DESCRIPTION OF THE TASK: Reproduce the listing below exactly, except for its pictures.
#### DATA FOR THIS TASK ####
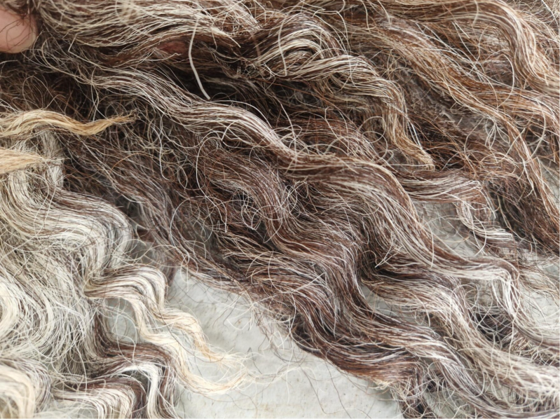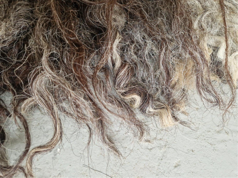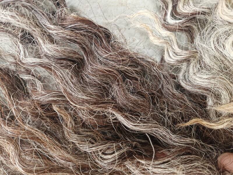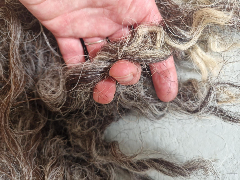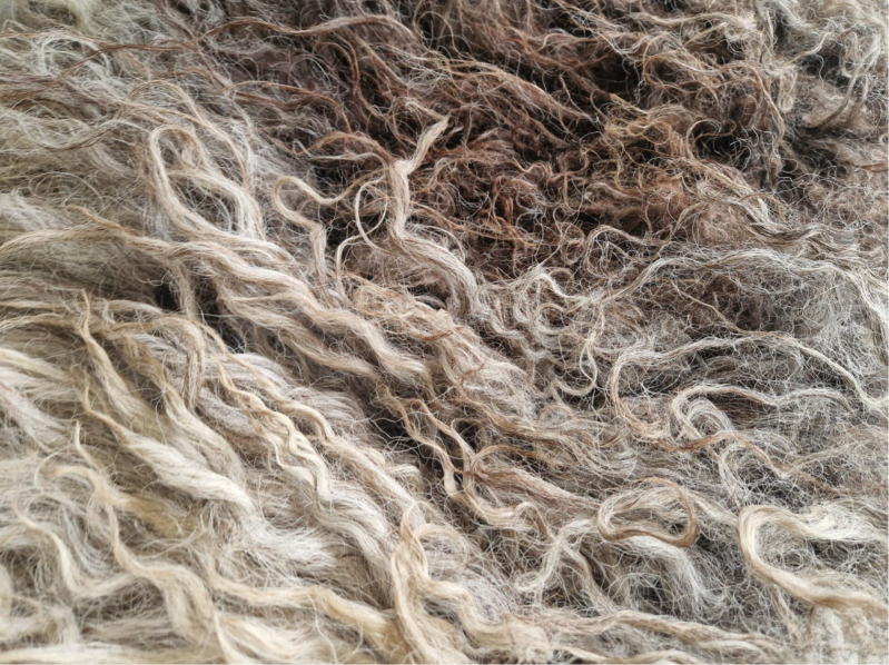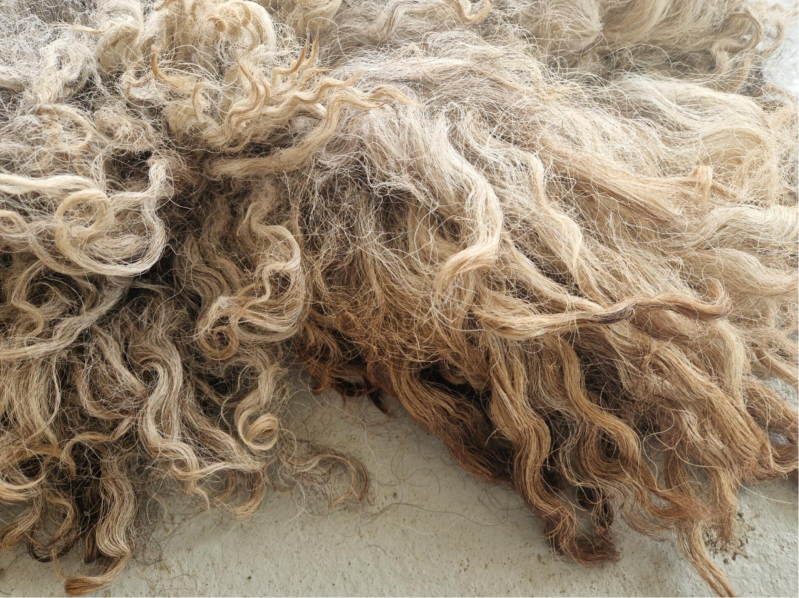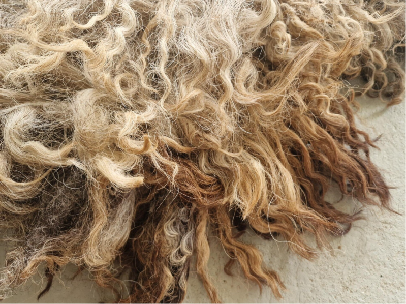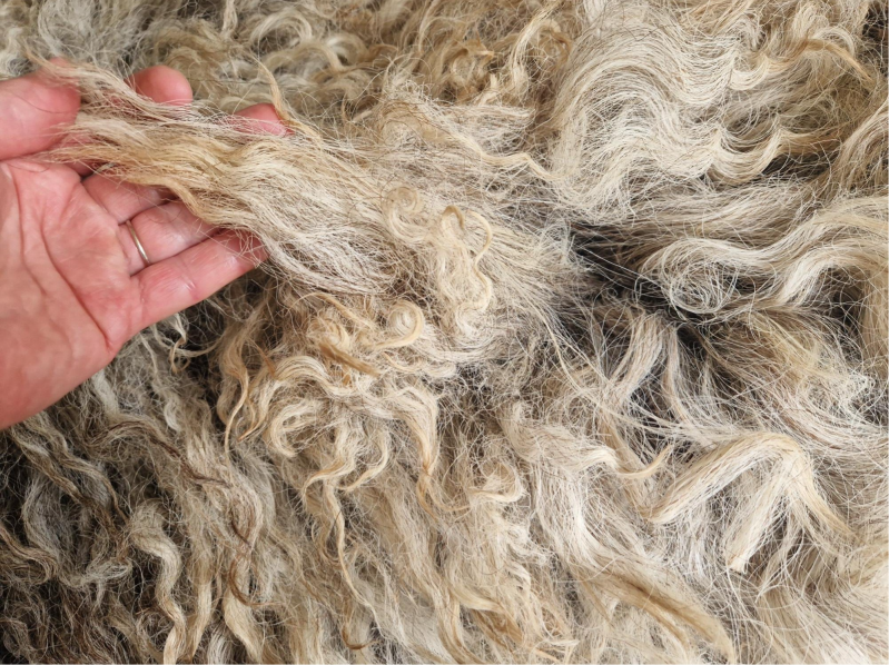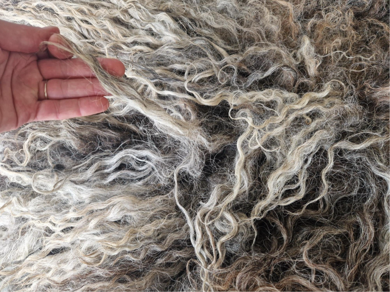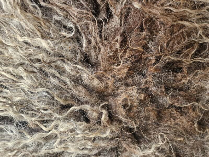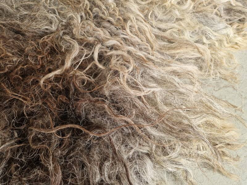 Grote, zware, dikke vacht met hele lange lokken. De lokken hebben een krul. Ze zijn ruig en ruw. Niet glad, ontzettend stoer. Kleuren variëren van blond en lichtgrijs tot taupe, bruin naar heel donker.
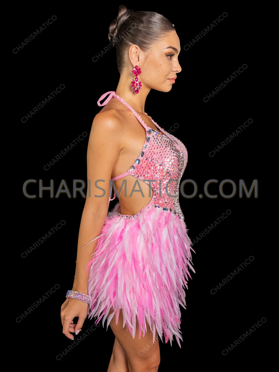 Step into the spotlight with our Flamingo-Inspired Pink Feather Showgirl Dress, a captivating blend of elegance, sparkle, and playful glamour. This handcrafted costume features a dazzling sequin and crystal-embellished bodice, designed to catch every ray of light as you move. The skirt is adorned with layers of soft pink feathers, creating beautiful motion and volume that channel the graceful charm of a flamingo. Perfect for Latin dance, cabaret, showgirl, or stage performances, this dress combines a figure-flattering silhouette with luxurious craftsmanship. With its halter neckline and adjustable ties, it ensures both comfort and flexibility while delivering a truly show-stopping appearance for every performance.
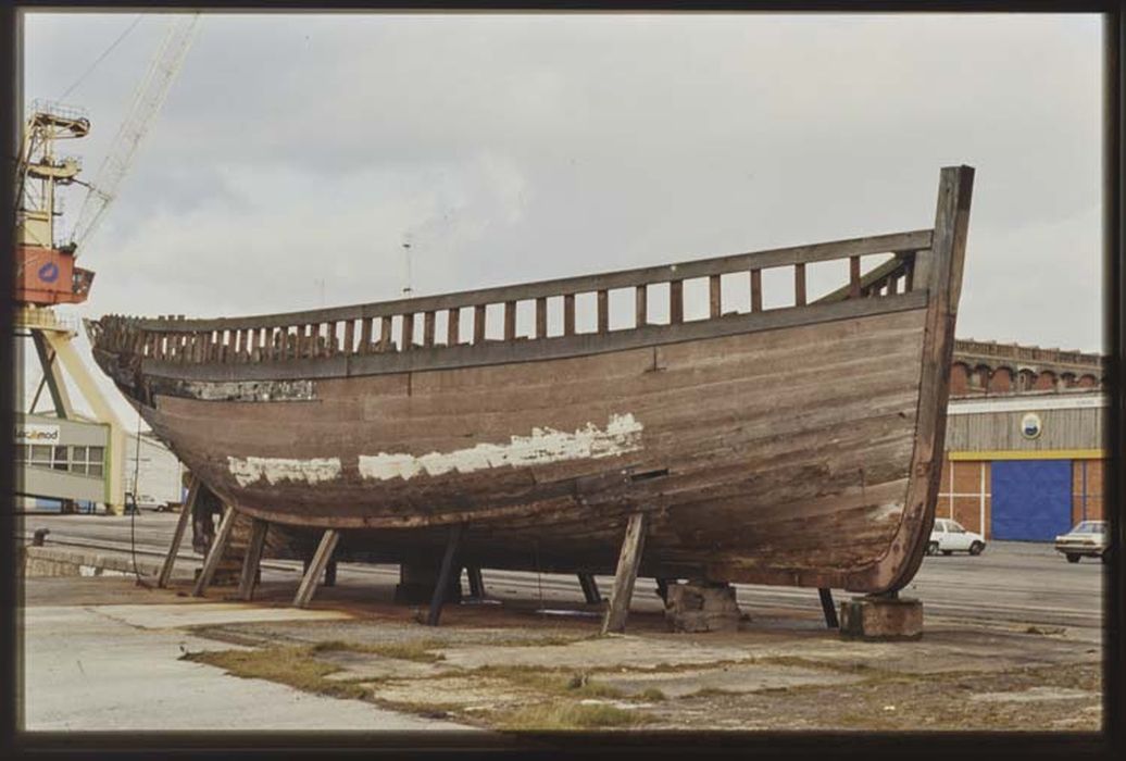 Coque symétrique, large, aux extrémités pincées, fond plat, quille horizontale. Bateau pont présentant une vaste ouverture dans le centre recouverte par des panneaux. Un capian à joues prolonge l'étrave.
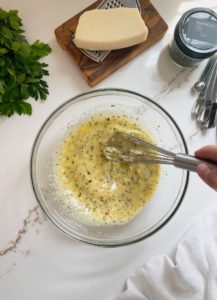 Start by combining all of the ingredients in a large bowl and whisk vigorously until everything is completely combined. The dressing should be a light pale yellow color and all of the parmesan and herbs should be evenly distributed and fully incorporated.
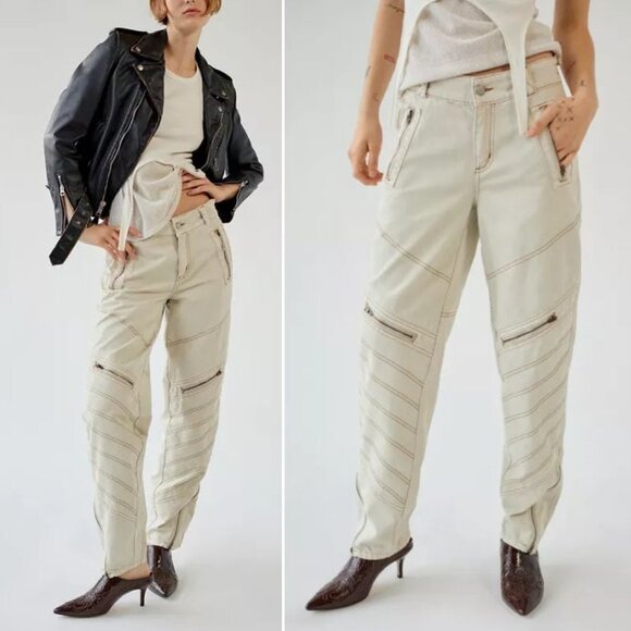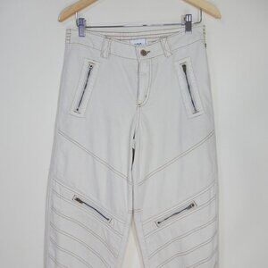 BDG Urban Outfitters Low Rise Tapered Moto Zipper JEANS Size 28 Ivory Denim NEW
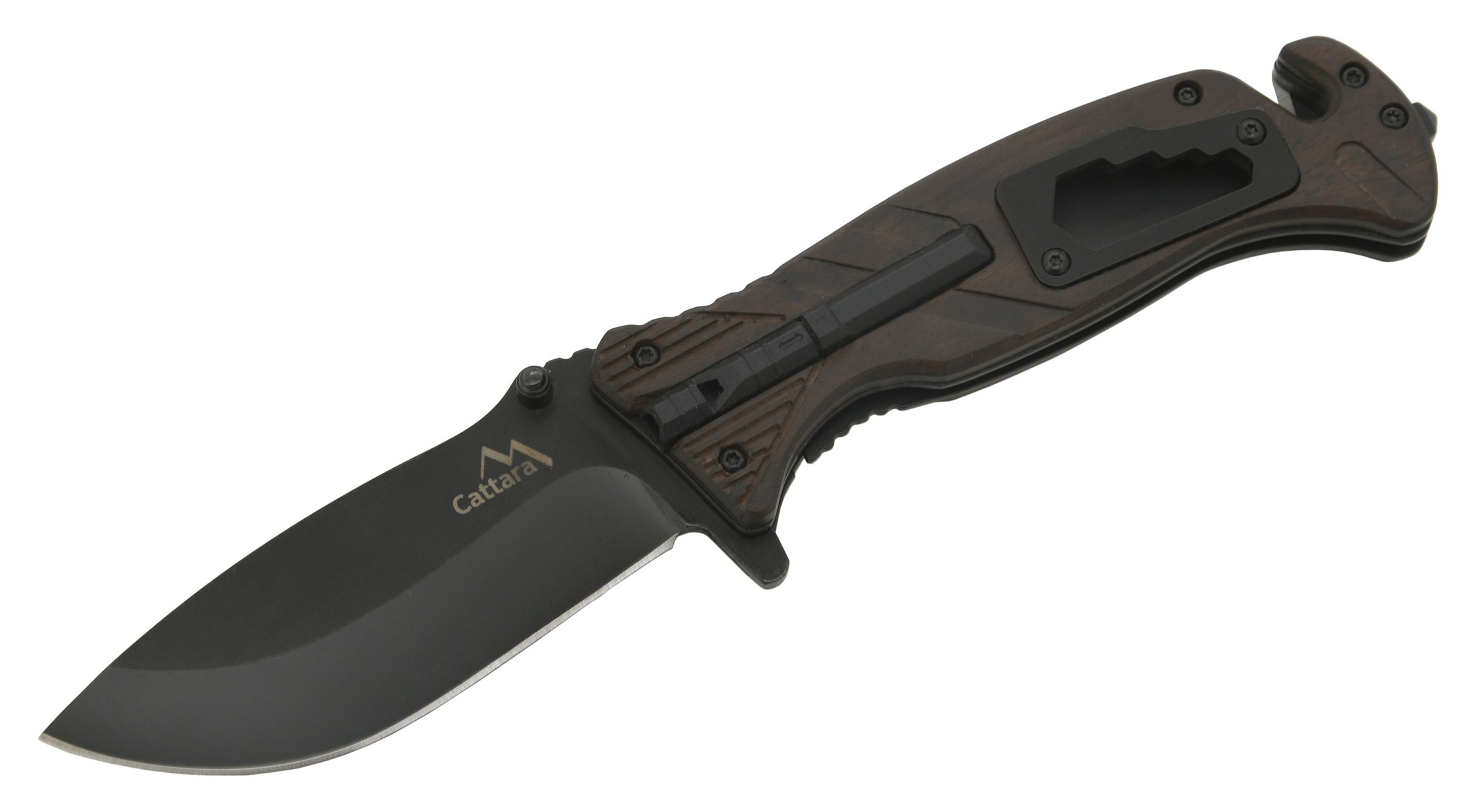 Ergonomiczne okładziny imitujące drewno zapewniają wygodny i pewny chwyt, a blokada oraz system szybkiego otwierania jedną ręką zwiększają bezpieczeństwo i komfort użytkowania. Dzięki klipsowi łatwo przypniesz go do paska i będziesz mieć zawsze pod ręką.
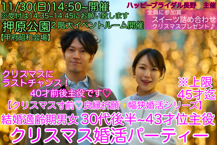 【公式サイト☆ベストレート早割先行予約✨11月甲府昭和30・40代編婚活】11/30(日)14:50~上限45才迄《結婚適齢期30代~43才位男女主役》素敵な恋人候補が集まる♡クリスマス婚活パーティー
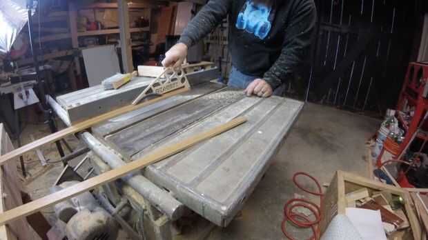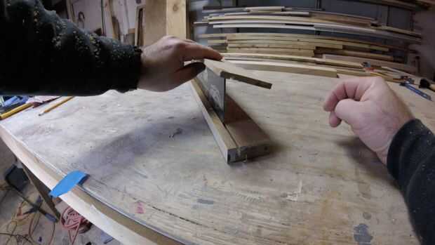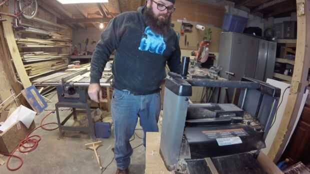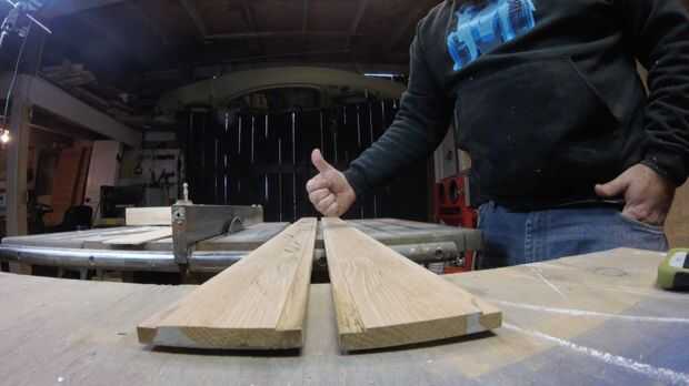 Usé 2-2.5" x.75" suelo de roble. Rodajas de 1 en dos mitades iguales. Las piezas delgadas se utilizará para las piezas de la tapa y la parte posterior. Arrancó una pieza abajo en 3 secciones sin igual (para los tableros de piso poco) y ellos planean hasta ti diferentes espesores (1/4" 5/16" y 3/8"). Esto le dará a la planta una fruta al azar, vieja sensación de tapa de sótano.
####
ANSWER TO THE PROBLEM:
 Grote, zware, dikke vacht met hele lange lokken. De lokken hebben een krul. Ze zijn ruig en ruw. Niet glad, ontzettend stoer. Kleuren variëren van blond en lichtgrijs tot taupe, bruin naar heel donker.
 Step into the spotlight with our Flamingo-Inspired Pink Feather Showgirl Dress, a captivating blend of elegance, sparkle, and playful glamour. This handcrafted costume features a dazzling sequin and crystal-embellished bodice, designed to catch every ray of light as you move. The skirt is adorned with layers of soft pink feathers, creating beautiful motion and volume that channel the graceful charm of a flamingo. Perfect for Latin dance, cabaret, showgirl, or stage performances, this dress combines a figure-flattering silhouette with luxurious craftsmanship. With its halter neckline and adjustable ties, it ensures both comfort and flexibility while delivering a truly show-stopping appearance for every performance.
 Coque symétrique, large, aux extrémités pincées, fond plat, quille horizontale. Bateau pont présentant une vaste ouverture dans le centre recouverte par des panneaux. Un capian à joues prolonge l'étrave.
 Start by combining all of the ingredients in a large bowl and whisk vigorously until everything is completely combined. The dressing should be a light pale yellow color and all of the parmesan and herbs should be evenly distributed and fully incorporated.
 BDG Urban Outfitters Low Rise Tapered Moto Zipper JEANS Size 28 Ivory Denim NEW
 Ergonomiczne okładziny imitujące drewno zapewniają wygodny i pewny chwyt, a blokada oraz system szybkiego otwierania jedną ręką zwiększają bezpieczeństwo i komfort użytkowania. Dzięki klipsowi łatwo przypniesz go do paska i będziesz mieć zawsze pod ręką.
 【公式サイト☆ベストレート早割先行予約✨11月甲府昭和30・40代編婚活】11/30(日)14:50~上限45才迄《結婚適齢期30代~43才位男女主役》素敵な恋人候補が集まる♡クリスマス婚活パーティー
 Usé 2-2.5" x.75" suelo de roble. Rodajas de 1 en dos mitades iguales. Las piezas delgadas se utilizará para las piezas de la tapa y la parte posterior. Arrancó una pieza abajo en 3 secciones sin igual (para los tableros de piso poco) y ellos planean hasta ti diferentes espesores (1/4" 5/16" y 3/8"). Esto le dará a la planta una fruta al azar, vieja sensación de tapa de sótano.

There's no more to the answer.